How the EU’s Sustainability Due Diligence Directive Could Reshape Corporate America
Key Finding
EU's New Corporate Sustainability Directive Could Transform US Business Practices Globally, Spotlighting Oversight Duties and Accountability
Abstract
One of the most important developments in corporate governance is the growing divide between the US and the EU on issues of corporate social responsibility. The starkest example of this divide comes from the new EU Directive on Corporate Sustainability Due Diligence (CS3D). The Directive holds large corporations legally accountable for how they protect numerous human rights and environmental issues, such as forced labor, collective bargaining, biodiversity, and pollution. In fact, companies are required to prevent and remediate these social and environmental harms not just in their own operations, but also in the operations of their subsidiaries and even their suppliers and distributors. Importantly, the CS3D directly applies also to American corporations that generate significant revenues in the European market. The stakes of understanding how the Directive will be implemented and enforced outside the EU therefore cannot be higher. This Article examines the question of the CS3D’s applicability to US companies and makes three contributions.

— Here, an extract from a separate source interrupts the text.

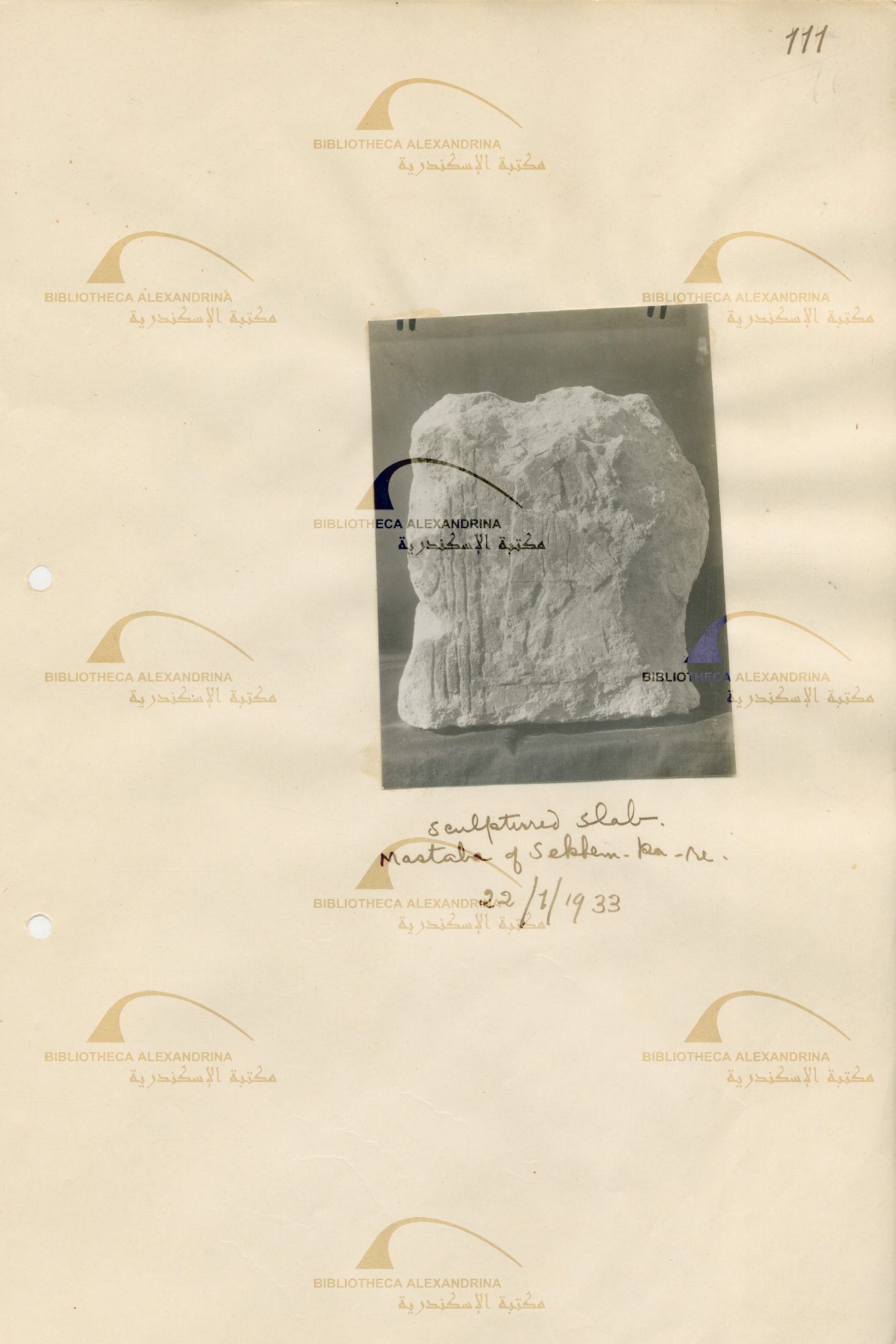 Sculptured slabs, mastaba of Sekhem-ka-re 22\1\1933

First, the Article delineates the core requirements of the CS3D, and its territorial outreach. The upshot is that most large American corporations are affected by the Directive. But the Directive does not mandate specific corporate conduct or expect companies to guarantee outcomes. Instead, the Directive requires each company to design a due diligence process that fits its specific circumstances. Such a regulatory regime runs the risk of turning into a tick-box exercise, without affecting real change in corporate behavior. This is where the second contribution of the Article comes in, examining whether directors and officers could face personal liability if their company fails to comply in earnest with the Directive’s requirements. Here the Article spotlights the interplay between the revamped oversight duty doctrine in the US and the CS3D. The main point is that the CS3D significantly increases directors’ exposure to failure-of-oversight claims. Finally, the Article explains how the unique combination of the EU’s ambitious regulation and the US’s vibrant private enforcement landscape could reshape the way that American corporations are conducting business across the globe.